## [Exercise aim]
Would you give the listing again exactly, without its images?

## [Data extracts]
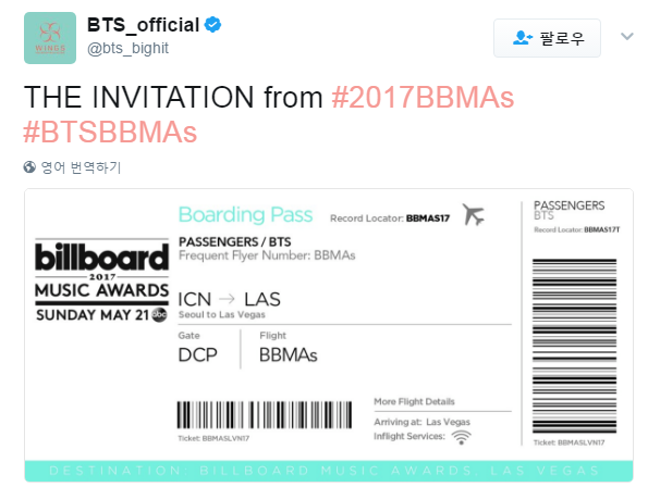 방탄소년단이 미국 빌보드 뮤직 어워드 시상식에 케이팝 그룹 최초로 참석한다.9일 방탄소년단 측은 21일 오후 8시(현지시간) 미국 라스베이거스 T-모바일 아레나에서 열리는 '2017 빌보드 뮤직 어워드(The 2017 Billboard Music Awards)'에 공식적으로 초청받아 참석을 확정했다고 말했다.방탄소년단 美 빌보드 시상식 참석/사진=방탄소년단 소속사 측 공식 트위터 계정 캡처
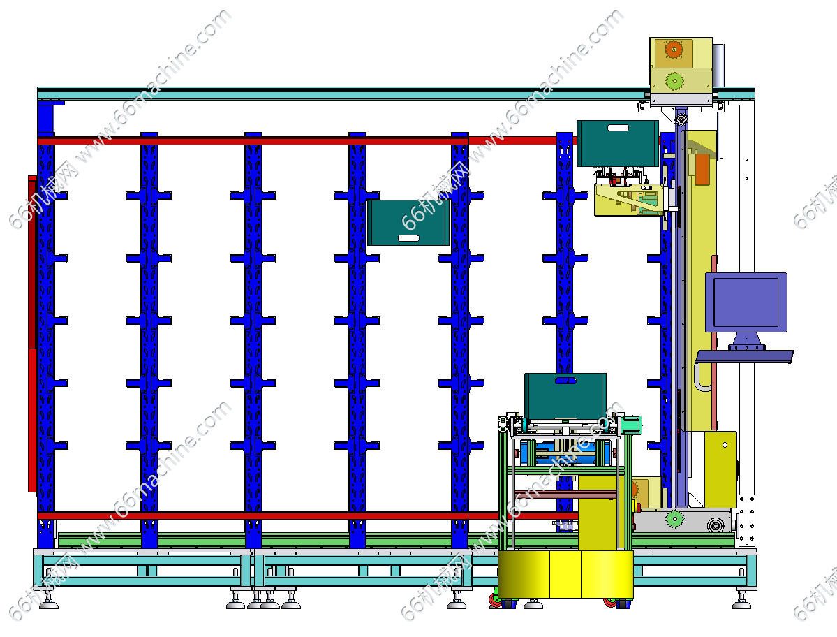 本模型为某企业智能搬运立体仓库物流系统(自动化立体仓库),可实现仓库高层合理化,存取自动化,操作简便化;实现物料自动化仓储管理,以及生产上下料,极大提高设计效率,自动化立体仓库的主体由货架,巷道式堆垛起重机、入出库工作台和自动运进出及操作控制系统组成。
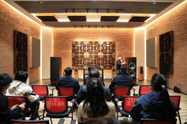 之后,老师和同学们参观了北京音乐产业园。作为乡镇企业的老旧厂区,近年来在黑庄户乡政府的疏解整治与改造提升后焕然一新。厂区在保留工业记忆的同时,开发拓展了音乐产业园的新功能。园区工作人员介绍了产业园的概况定位、发展历程与未来规划,并带领大家参观了沉浸式音乐体验中心、演艺中心、演播大厅、会议中心等场所。学院师生在学习了解基层经济建设与产业发展等相关知识的同时,还深入体验了atc Hi-Fi听音室、L-ACOUSTICS等先进的音乐硬件设施,在一堂生动的美育教育课中深入感受音乐魅力,体会中外文化交融之美。
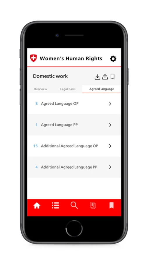 The W’sHR App is a pioneering endeavour by the Swiss Federal Department of Foreign Affairs and the Swiss Centre of Expertise in Human Rights/ Interdisciplinary Centre for Gender Studies database and was developed to facilitate the often challenging and time consuming UN-negotiations. The App is based on a digital database and provides guidance on key issues related to the human rights of women, including international legal instruments and agreed language contained in over 550 documents on women’s human rights adopted by UN bodies such as the General Assembly, Human Rights Council or ECOSOC. The App also provides key paragraphs based on the annual sessions of the Commission on the Status of Women (CSW) and the Committee on the Elimination of Discrimination against Women (CEDAW). The user’s search is facilitated by keywords which cover crucial topics ranging from «Abortion» to «Sexual abuse» and «Widows». The App will regularly be updated with new documents and emerging issues. The latest add-ons are keywords featuring legal instruments on «Women journalists», «Sport and gender» as well as «Digital/cyber violence and harassment». This provides a basis for convincing arguments and enables more coherent and efficient negotiation processes to make further progress in the field of human rights and gender equality. The W’sHR App is user-friendly and intuitive. New features allow users to bookmark relevant language and take notes within the app.
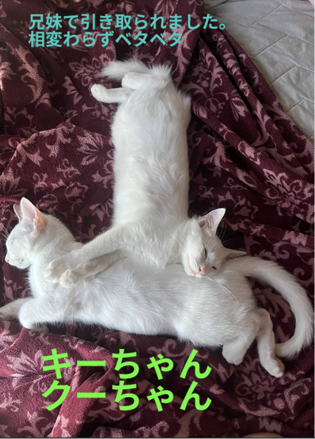 そろそろ避妊・去勢を施していただき、その都度、連絡をいただいています。
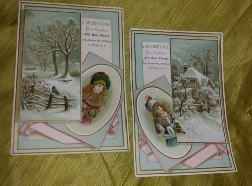 2 E. MENKER & Son PURE CANDiES Buffalo NY Trade Cards Embossed glitter c. 1880's
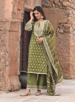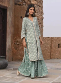 Mulmul Luxe Tissue Heer Sage Green Kurta With Mulmul Organza Satin Heer Sage Green Garara

## [Output for this exercise]
 방탄소년단이 미국 빌보드 뮤직 어워드 시상식에 케이팝 그룹 최초로 참석한다.9일 방탄소년단 측은 21일 오후 8시(현지시간) 미국 라스베이거스 T-모바일 아레나에서 열리는 '2017 빌보드 뮤직 어워드(The 2017 Billboard Music Awards)'에 공식적으로 초청받아 참석을 확정했다고 말했다.방탄소년단 美 빌보드 시상식 참석/사진=방탄소년단 소속사 측 공식 트위터 계정 캡처
 本模型为某企业智能搬运立体仓库物流系统(自动化立体仓库),可实现仓库高层合理化,存取自动化,操作简便化;实现物料自动化仓储管理,以及生产上下料,极大提高设计效率,自动化立体仓库的主体由货架,巷道式堆垛起重机、入出库工作台和自动运进出及操作控制系统组成。
 之后,老师和同学们参观了北京音乐产业园。作为乡镇企业的老旧厂区,近年来在黑庄户乡政府的疏解整治与改造提升后焕然一新。厂区在保留工业记忆的同时,开发拓展了音乐产业园的新功能。园区工作人员介绍了产业园的概况定位、发展历程与未来规划,并带领大家参观了沉浸式音乐体验中心、演艺中心、演播大厅、会议中心等场所。学院师生在学习了解基层经济建设与产业发展等相关知识的同时,还深入体验了atc Hi-Fi听音室、L-ACOUSTICS等先进的音乐硬件设施,在一堂生动的美育教育课中深入感受音乐魅力,体会中外文化交融之美。
 The W’sHR App is a pioneering endeavour by the Swiss Federal Department of Foreign Affairs and the Swiss Centre of Expertise in Human Rights/ Interdisciplinary Centre for Gender Studies database and was developed to facilitate the often challenging and time consuming UN-negotiations. The App is based on a digital database and provides guidance on key issues related to the human rights of women, including international legal instruments and agreed language contained in over 550 documents on women’s human rights adopted by UN bodies such as the General Assembly, Human Rights Council or ECOSOC. The App also provides key paragraphs based on the annual sessions of the Commission on the Status of Women (CSW) and the Committee on the Elimination of Discrimination against Women (CEDAW). The user’s search is facilitated by keywords which cover crucial topics ranging from «Abortion» to «Sexual abuse» and «Widows». The App will regularly be updated with new documents and emerging issues. The latest add-ons are keywords featuring legal instruments on «Women journalists», «Sport and gender» as well as «Digital/cyber violence and harassment». This provides a basis for convincing arguments and enables more coherent and efficient negotiation processes to make further progress in the field of human rights and gender equality. The W’sHR App is user-friendly and intuitive. New features allow users to bookmark relevant language and take notes within the app.
 そろそろ避妊・去勢を施していただき、その都度、連絡をいただいています。
 2 E. MENKER & Son PURE CANDiES Buffalo NY Trade Cards Embossed glitter c. 1880's
 Mulmul Luxe Tissue Heer Sage Green Kurta With Mulmul Organza Satin Heer Sage Green Garara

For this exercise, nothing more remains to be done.